では施設として、そのような悲劇を繰り返さないためにどうしたらいいのでしょう。ここでは、そんな介護施設の火事・火災に対する心構えや対応マニュアル、対策に活躍する設備についてまで考えてご紹介します。
介護施設の火事検証
まず火事に対して対策を練るために、過去の火事や資料から介護施設の火事状況を確認してみます。今までの火事を知ることで、対策する点を浮き彫りにしてみましょう。
大きな被害をもたらした火事は夜間に起こる
最初に確認するのは大きな被害をもたらした介護施設の火事事例です。火災事故はいつ、どのように起こったのでしょうか
火事事例①
グループホーム「やすらぎの里」
建築面積:304.2㎡
建物構造:RC造一部木造平屋建て
消防用設備等:消火器、誘導灯
火災時の在館人員:入居者9名 施設職員1名
覚知時刻:平成18年1月8日2時32分
死傷者等:死者7人 負傷者3人
【火事の状況】
出火原因:共用室居間ソファ付近でライターによる着火の可能性が高いと推察される。
発見状況:施設職員が燃えている音に気付き、消火器で消火を試みたがもう消せない段階になっており断念。すぐに施設外へ走りトラックを止め携帯から通報した。
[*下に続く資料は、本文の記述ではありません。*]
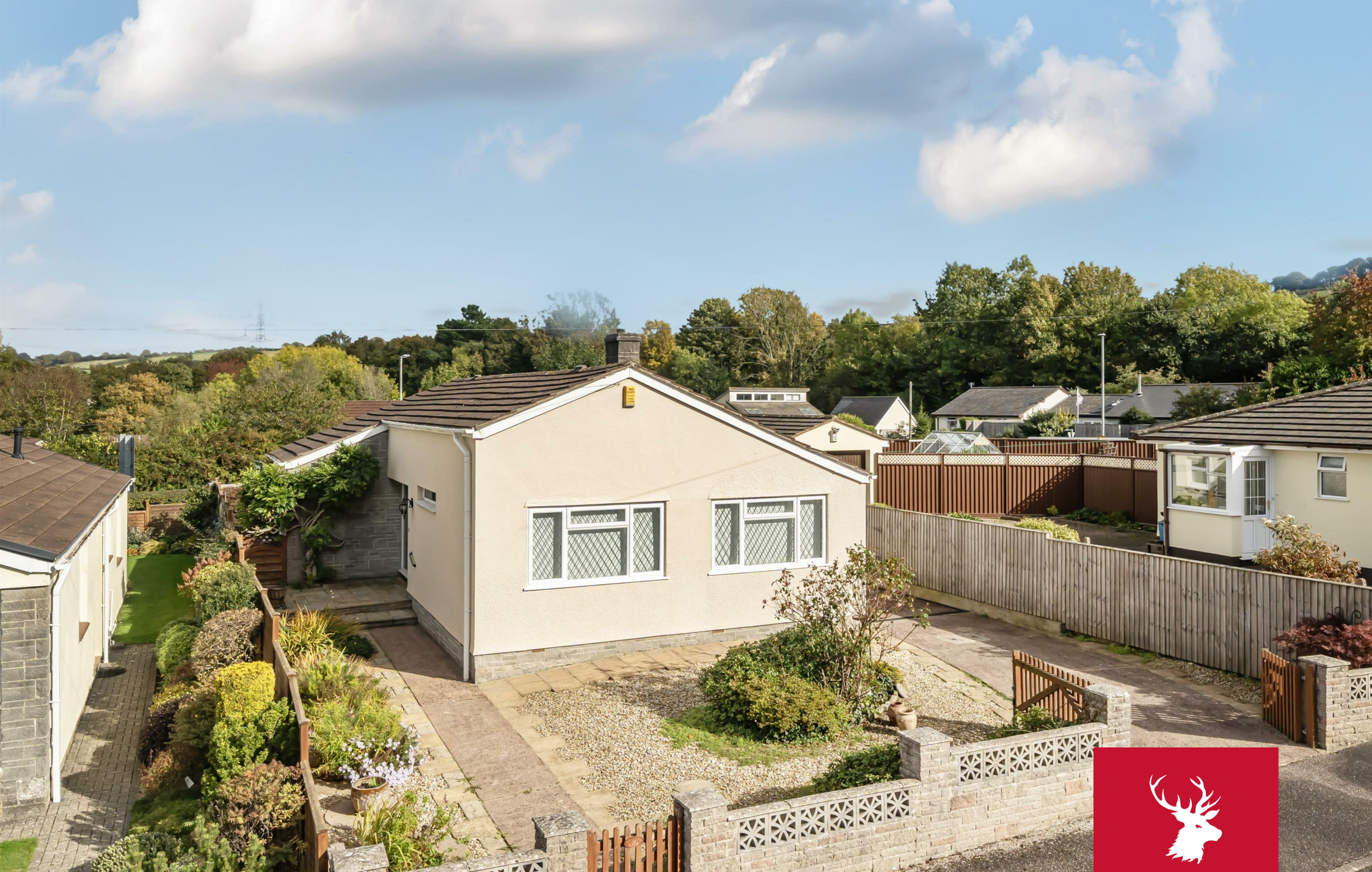
12 The Chase
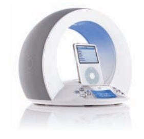
JBL On Time™ The clock radio that's playing your song.
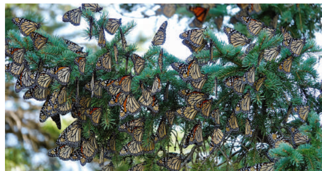
A roost of monarch butterflies.

Thanks for stopping by "In the end, we'll all become stories." -- Margaret Atwood
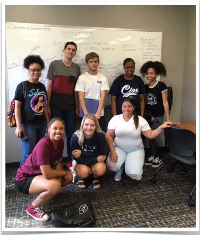
Promise Scholars at the Explore Your Library Challenge.

People of PROMIG: What profession other than your own would you like to attempt?
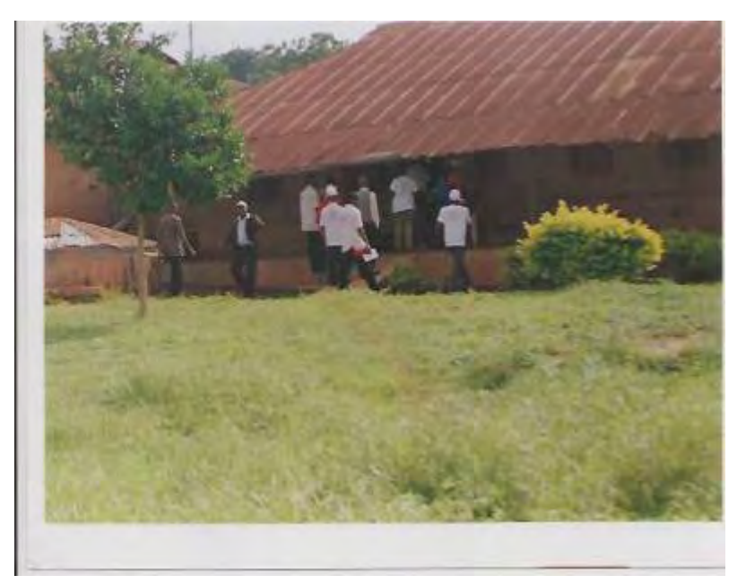
VASS TEAM ENTERING ONE OF THE HOUSES IN A VILLAGE

Our second visit to Irrua took us to the Local Government headquarters of Esan Central Local Government Area. We met a very large crowd of enthusiastic women, children and men; the large crowd was partly due to the fact that a day earlier, the local government authority had instructed a town crier to announce to the whole community of our intending visit to distribute treated mosquito nets free. We were introduced to the community as usual and we made the women and children to form five straight lines where names, addresses, age, gender etc were collected from them and nets given out to those pregnant and children below five years of age, it was quite hectic on this day due to the large crowd and we were able to give out a total of 3,120 nets. Please see picture below.
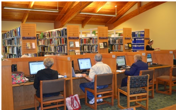
Researchers at Helen Warner Branch Library Genealogy Lock In.
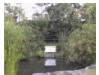
Dragonfly pond in Mukogawa plant
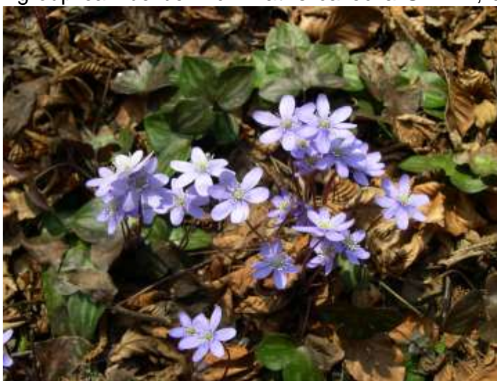
Cheer up. Hepaticas will soon be blooming.

There is another key difference in the three projects. It's one thing to launch a lawsuit against a faceless government landowner. Clearly even that has raised considerable rancour in Prince Edward County. It would be a different matter to try to stop a project which has a considerable financial benefit for a next door landowner.
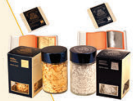
EDIBLE GOLD & SILVER
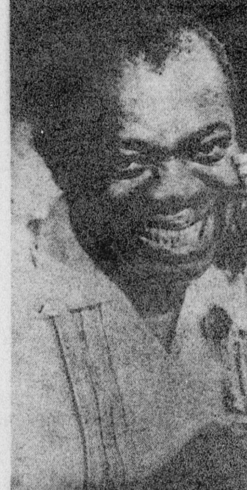
"SATCHMO" IMPROVING - New York: Doctors watching the condition of Jazz great Louis "Satchmo" Armstrong, see a "significant improvement" in his battle with heart trouble, it was learned April 4. Armstrong was first taken to the hospital March 15.
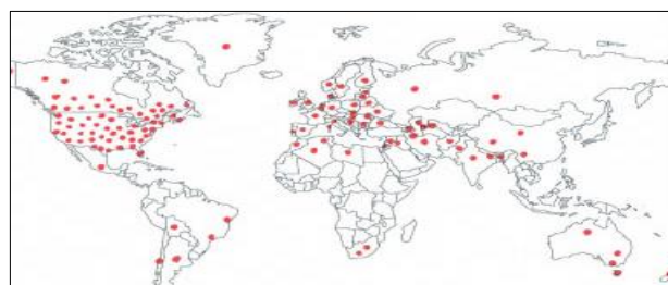
Fig. 1. Plant Distribution Map of nettle usage around the world

tannins [20]. The cytotoxic and genotoxic effects of nettle essential oil were evaluated and a considerable correlation has been observed between the essential oil concentration and the following: chromosomal aberrations, micronucleus abundance, apoptotic cells, necrotic cells, and dual nuclear cells [21]. This plant has been utilized in both medicine and food form in many countries especially in the Mediterranean region and it has been plenary analyzed the pharmacological, chemical, and botanical aspects [22].
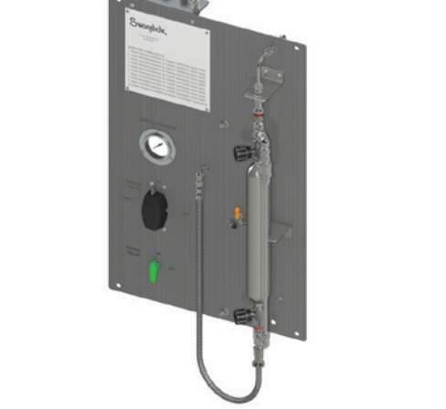
Grab Sample Systems

避難・救出状況:避難誘導は、特に行われていない。職員及び駆けつけた警察官が、計4人を救出したが後に一人死亡。
火事事例②
グループホームみらいとんでん
延べ面積:248.43㎡
建物構造:木造
消防用設備等:消火器、誘導灯
覚知時刻:平成22年3月13日2時25分
死傷者等:死者7人 負傷者2人
【火事の状況】
出火原因:1階食堂の石油ストーブに、綿製品が接触し着火
発見状況:施設職員の夜間勤務中ストーブから炎が上がっているのを発見し、消火器で初期消火を試みたが断念。施設職員が屋外へ避難した後、所持していた携帯で通報。
避難・救出状況:消防隊が4名助け出したが生存者は1名で他はいずれも現場において医師により死亡判定されている。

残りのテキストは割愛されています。